Roskomnadzor also helped Mr. Putin centralize power far from Moscow. The regional office in Bashkortostan only shared a fraction of its work with the local government, according to one document. Many reports were instead sent straight to the F.S.B. and other central agencies.

It’s an internet regulator that acts like a spy agency and communicates directly with an actual spy agency. Russian citizens are the targets. The Russian state has steadily moved towards the Big Brother ideal of the former Soviet Union, which turned neighbor against neighbor with the assistance of the KGB. The new, supposedly freer Russian state is now indistinguishable from the one that erected the Berlin Wall, thanks to Putin and Roskomnadzor. All it’s missing is the land mass. Cue the invasion of Ukraine.

In the first weeks of the war on Ukraine, Roskomnadzor censors ramped up, according to the documents. They focused not just on the war but its side effects, including the public response to a domestic crackdown on dissent and grumblings about the invasion’s effect on the rising cost of goods.

On Feb. 27, agency officials monitored the reaction to reports that a family from Ufa — including young children — was detained for protesting the war. Another report flagged an item that was spreading quickly online that described how the F.S.B. brutally beat and electrocuted a protester.

“Some users negatively assessed the actions of law enforcement agencies,” they wrote, noting 200,000 users had viewed the news on the messaging app Telegram.

Everything that’s of interest to the government becomes part of a dossier.

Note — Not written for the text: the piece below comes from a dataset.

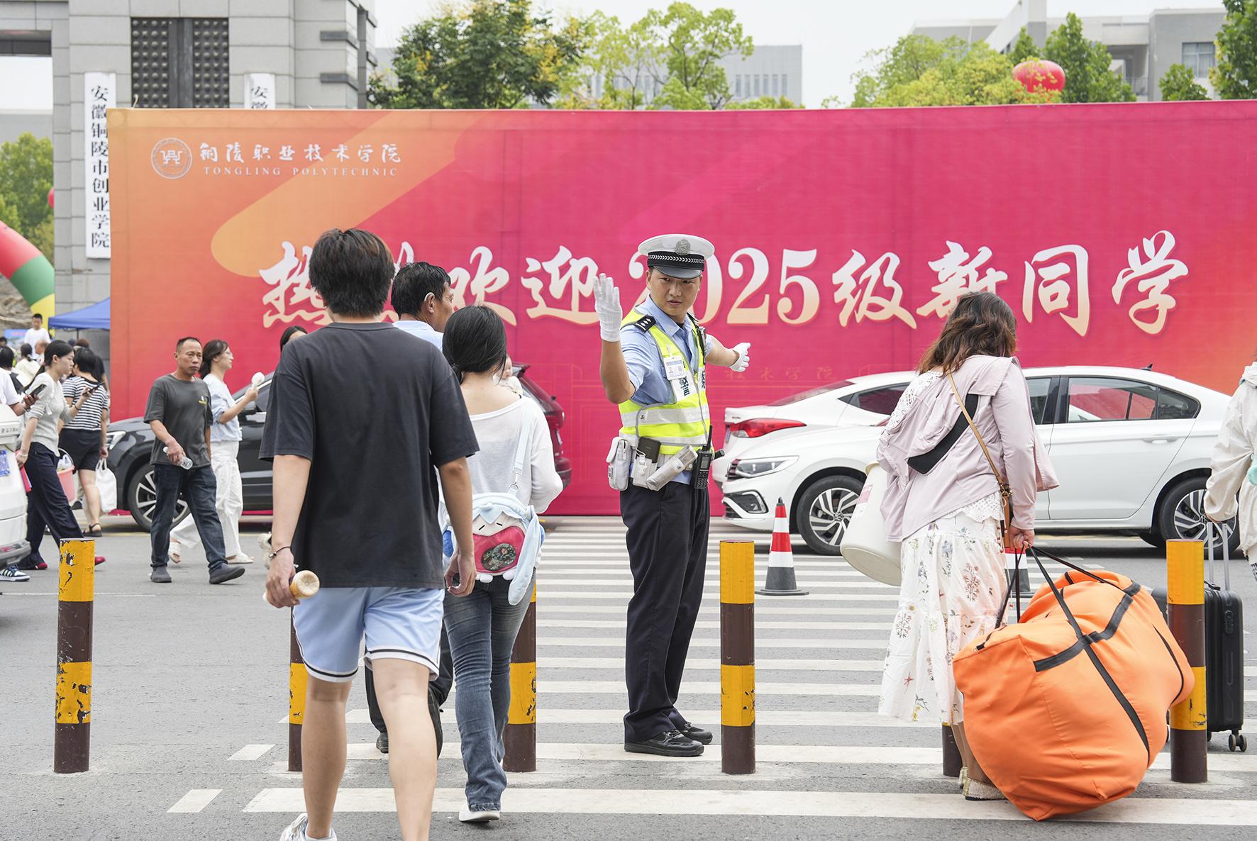 9月7日,安徽省銅陵職業(yè)技術(shù)學(xué)院迎來(lái)2025級(jí)新生報(bào)到高峰。銅陵市公安局交警支隊(duì)科學(xué)部署警力疏導(dǎo)交通秩序,有效緩解校園周邊交通壓力。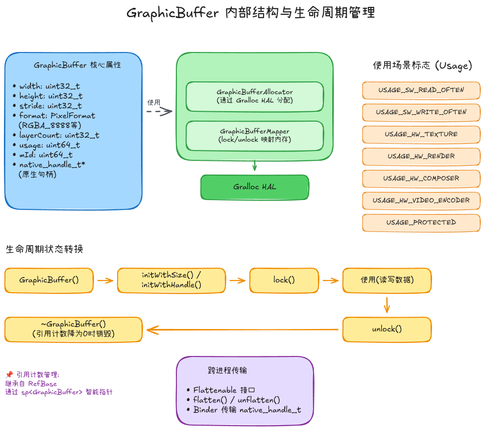 GraphicBuffer是对共享内存图形缓冲区的封装,提供了跨进程传递和内存管理的能力。

Public sentiment is gauged. Targets for surveillance and/or prosecution are determined. Government officials are advised. Operatives are put to work countering negative perception. Anything not viewed as useful or innocuous is censored. All of this is done by an agency that was created to keep an eye on snail mail.

What’s detailed in the New York Times report is astounding. Even more astounding is the fact that this leak only covers the actions of one regional Roskomnadzor office. This is happening all over the country, and is likely performed with even more alacrity and intensity by offices located in the country’s capital.

The Russian government has re-perfected narrative control and countrywide censorship under Putin. And it has a massive, well-oiled apparatus to ensure the government achieves its ends. This leak exposes the inner workings of this machinery. Unfortunately, it’s unlikely to embarrass the Putin regime from dialing back the censorial thuggery. Some governments simply have no shame.